If the tag is <entry>, we create a new QTreeWidgetItem. If the tag is nested within another <entry> tag, the new tag defines a sub-entry in the index, and the new QTreeWidgetItem is created as a child of the QTreeWidgetItem that represents the encompassing entry. Otherwise, we create the QTreeWidgetItem as a top-level item, using the tree widget's invisible root item as its parent. We call setText() to set the text shown in column 0 to the value of the <entry> tag's term attribute.
If the tag is <page>, we set the currentText variable to be an empty string. The variable serves as an accumulator for the text located between the <page> and </page> tags.

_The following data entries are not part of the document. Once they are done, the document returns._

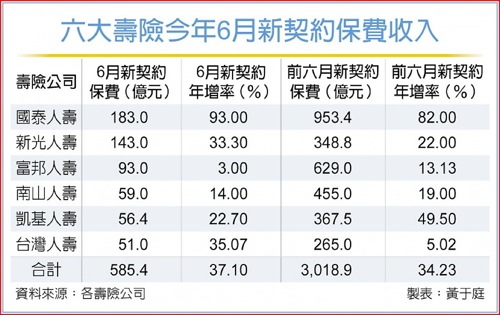六大壽險今年6月新契約保費收入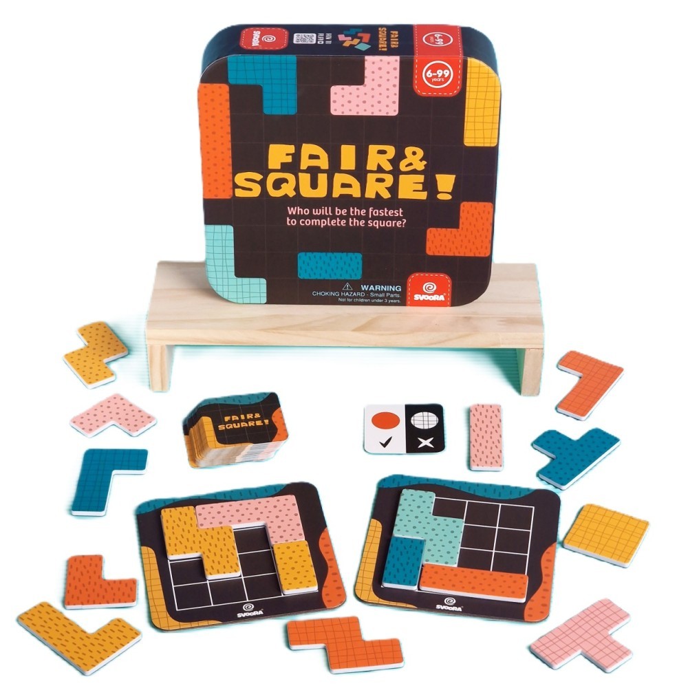 Joc de strategie Simplu si corect Pentru grupuri mici sau familii, acest joc provoaca jucatorii sa gandeasca corect, sa negocieze, si sa ia decizii care conteaza. Fiecare runda este o combinatie de tactica si spirit competitiv, unde deciziile echitabile si planificarea conteaza la fel de mult ca norocul. Daca vrei sa experimentezi ca “fair” poate fi si „square”, atunci acest joc e facut pentru tine. Pentru momente relaxate, seri de familie sau pranzuri prelungite cu prietenii. Dimensiune : 18 × 18 × 4.5 cm Varsta recomandata: +8 ani. C onfectionat din carton, piese de joc din lemn. AVERTISMENT: A nu se lasa la indemana copiilor sub 3 ani. Producator: Svoora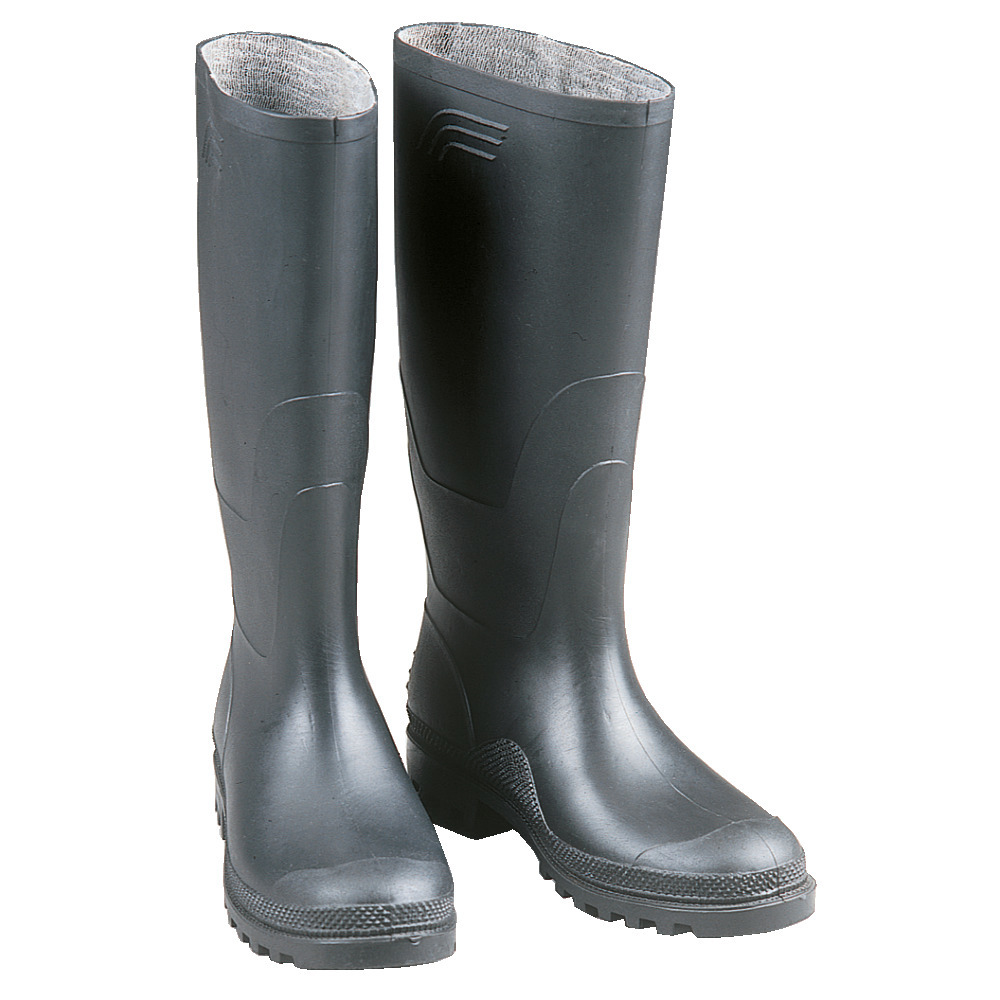 Preiswerter Universalstiefel aus hochwertigen PVC, 100% wasserdicht, hohe Ausführung, mit griffiger Sohle für sicheren Halt. Größe 39-47.
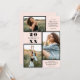 Este convite moderno e mínimo de festas de formatura fotográficas é perfeito para a sua filha. Ele apresenta um tema preto e cor-de-rosa pincelado com uma grade de três imagens, o nome do seu filho, o ano de graduação e a escola na frente. Na parte de trás está um design simples com todas as informações da parte. É contemporâneo, elegante e simplista.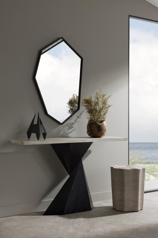 SLEEK AND MODERN, OUR VALDER CONSOLE WAS INSPIRED BY THE TIGHT PAPER FOLDS IN ORIGAMI AND REIMAGINED AS A TWISTED, FACETED, BLACKENED-BRONZE IRON PEDESTAL BASE WITH A HIGH-CONTRAST SMOKE OAK TOP. FINISH WILL VARY.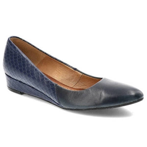 Czółenka damskie Maciejka, ze skóry naturalnej wsuwane i na płaskiej podeszwie, granatowe, 01995-33-00-1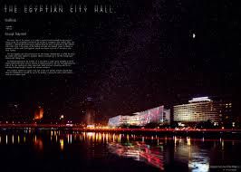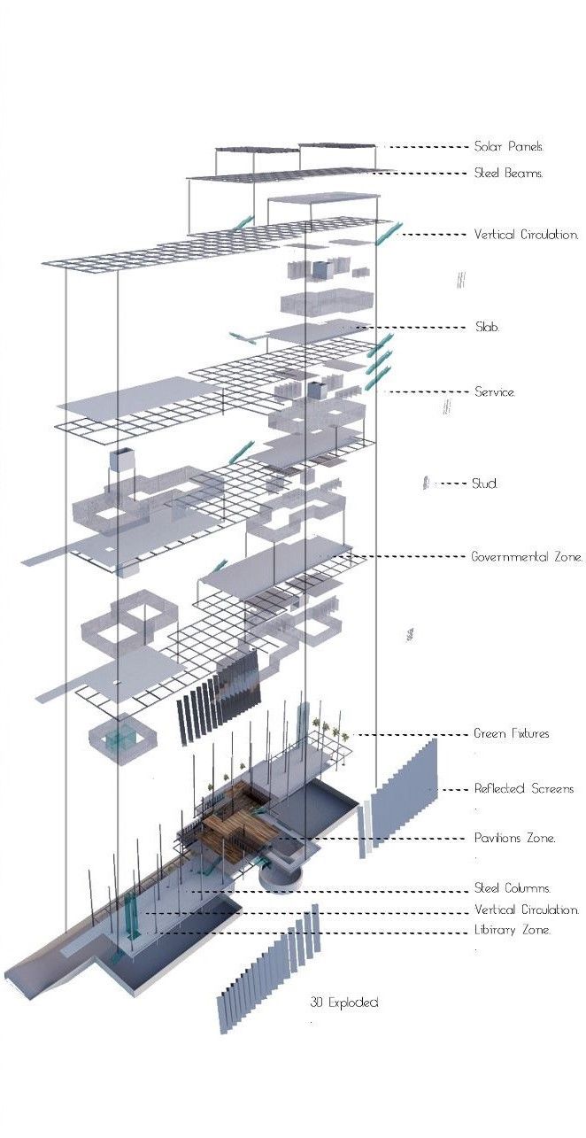 Concept Statement: The main idea of the project is to make a powerful visual message through project’s masses as the site contained a symbol of the symbols of corruption and injustice, these represented in national democratic party building. Using the same proportions of NDP building and make gap in the centre of the building and also uses shipped masses to deliver a message to all the world that Egyptians people can topple any kind of corruption and social injustice. The new Egyptian city hall connected to the Nile through reflected skins to reflect the physical context and make relation to Egyptian identity revival the use of the Nile through sport festivals and hiking trip. The building responds to the concept of a city hall as a public space accessible to all the citizens and tourists which aims to become a meeting point for the city .The building fits the scale of the city, creating an urban space both inside and out, connecting with the surrounding buildings through a logical and rational circulation.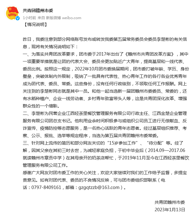 三、针对网上流传的简历和部分网友关切的“15岁参加工作”、“待分配”等。经了解,因其父亲在其初三时去世,为减轻家庭负担,于初中毕业后(2014.09—2017.06就读赣州市章贡中学)在其母亲开的奶茶店帮忙,于2019年11月至今在江西轻茶里餐饮管理服务有限公司工作。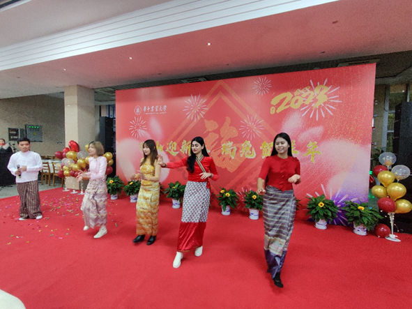 在抽奖环节,硕士生管雨豪和博士生欧雅娟分别在抽奖环节中获得了手环和蓝牙耳机。管雨豪同学表示留校过年、别样温暖,写下新年心愿:希望正在读这句话的人永远开心。欧雅娟同学谈到:“团拜会现场有机会欣赏到来自国内外同学们的才艺表演,缅甸舞、戏剧·梨花颂、歌曲不忘初心、好运来等,在学校温暖的大家庭与老师同学们度过了一个热闹的春节。”

At the end, we return true to tell SAX to continue parsing the file. If we wanted to report unknown tags as errors, we would return false in those cases. We would then also reimplement errorString() from QXmlDefaultHandler to return an appropriate error message.

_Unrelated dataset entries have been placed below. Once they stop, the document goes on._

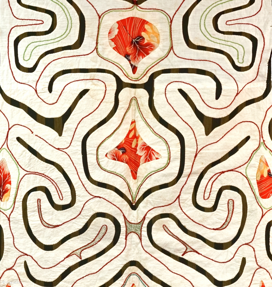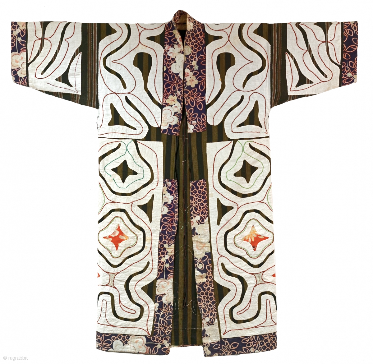 This particular garment originated in the Hidaka region of southern Hokkaido. The base cloth of the body is a handsome brown shima, or stripe, cotton. Printed commercial cottons of red florals were added as central accents. Next an overall white cotton applique was laid on top and everything was finished with chain stitched embroidery using green and red thread. The borders incorporate a contrasting purple printed floral pattern on commercial cotton.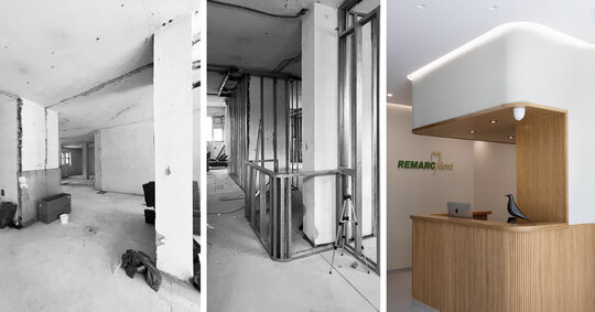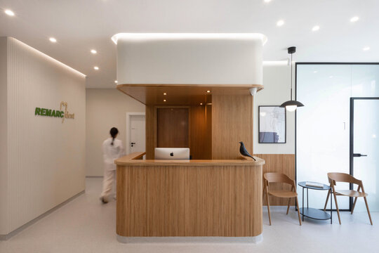 Ne-am propus crearea unui spațiu prietenos și echilibrat, care să diminueze anxietatea pacienților printr-o atmosferă caldă și naturală. Paleta cromatică se bazează pe nuanțe de verde oliv și bej, completate de texturi din lemn de stejar, într-un dialog subtil cu elemente de sticlă, metal negru și beton aparent.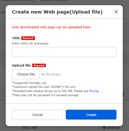 Downloaded web page can be uploaded.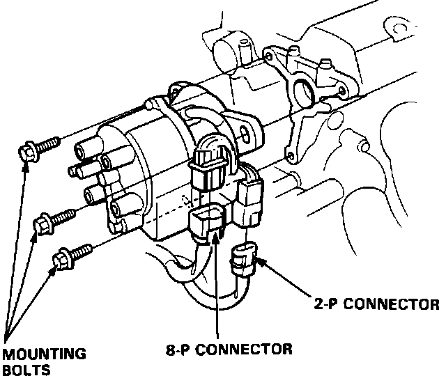 DISTRIBUTOR REMOVAL1. Disconnect the two and eight pin connectors from the distributor.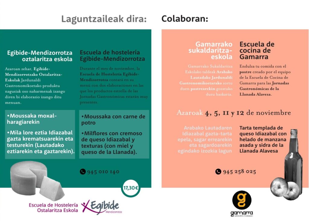 Azaroaren 4, 5, 11 eta 12an, Gamarrako sukaldaritza-eskola parte hartuko du, eskolak berak eskualdeko produktuetan oinarrituta diseinatu duen postre batekin: Idiazabal gazta-tarta epela, sagar errearekin eta sagardoarekin egindako izozkia lagun.
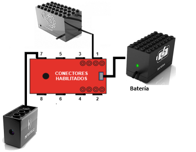 Conectar el motor en CON1 y el sensor ultrasónico en CON7 del Ladrillo Inteligente «R8»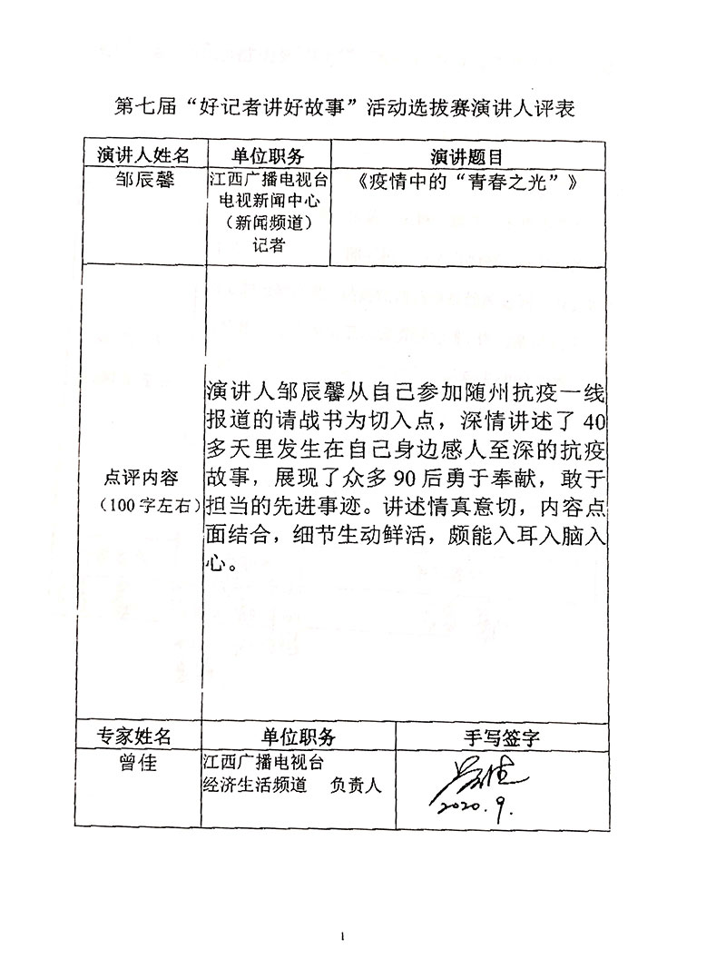 江西电视台电视新闻中心(新闻频道)记者曾任江西卫视《江西新闻联播》记者参与报道 【绿色发展 生态优先】及【聚焦环境保护 督察“回头看”】【江西非物质文化遗产展】等系列活动 2020年春节随江西援随医疗队前往湖北随州,深入疫情一线报道。在多档新闻节目中以出镜记者的方式呈现 鲜活的现场报道. 荣获2020年江西省“好记者讲好故事”演讲赛十佳

bool SaxHandler::characters(const QString &str) { currentText += str; return true; }
The characters() function is called to report character data in the XML document. We simply append the characters to the currentText variable.
bool SaxHandler::endElement(const QString & /* namespaceURI */, const QString & /* localName */, const QString &qName) { if (qName == "entry") { currentItem = currentItem->parent(); } else if (qName == "page") { if (currentItem) { QString allPages = currentItem->text(1); if (!allPages.isEmpty()) allPages += ", "; allPages += currentText; currentItem->setText(1, allPages); } } return true; }
The endElement() function is called when the reader encounters a closing tag. Just as with startElement(), the third parameter is the name of the tag.
If the tag is </entry>, we update the currentItem private variable to point to the current QTreeWidgetItem's parent. (For historical reasons, top-level items return 0 as their parent rather than the invisible root item.) This ensures that the currentItem variable is restored to the value it held before the corresponding <entry> tag was read.
If the tag is </page>, we add the specified page number or page range to the comma-separated list in the current item's text in column 1.
bool SaxHandler::fatalError(const QXmlParseException &exception) { std::cerr << "Parse error at line " << exception.lineNumber() << ", " << "column " << exception.columnNumber() << ": " << qPrintable(exception.message()) << std::endl; return false; }
The fatalError() function is called when the reader fails to parse the XML file. If this occurs, we simply print a message to the console, giving the line number, the column number, and the parser's error text.
This completes the implementation of SaxHandler. The main() function that uses it is almost identical to the one we reviewed in the previous section for DomParser, the difference being that we use a SaxHandler rather than a DomParser.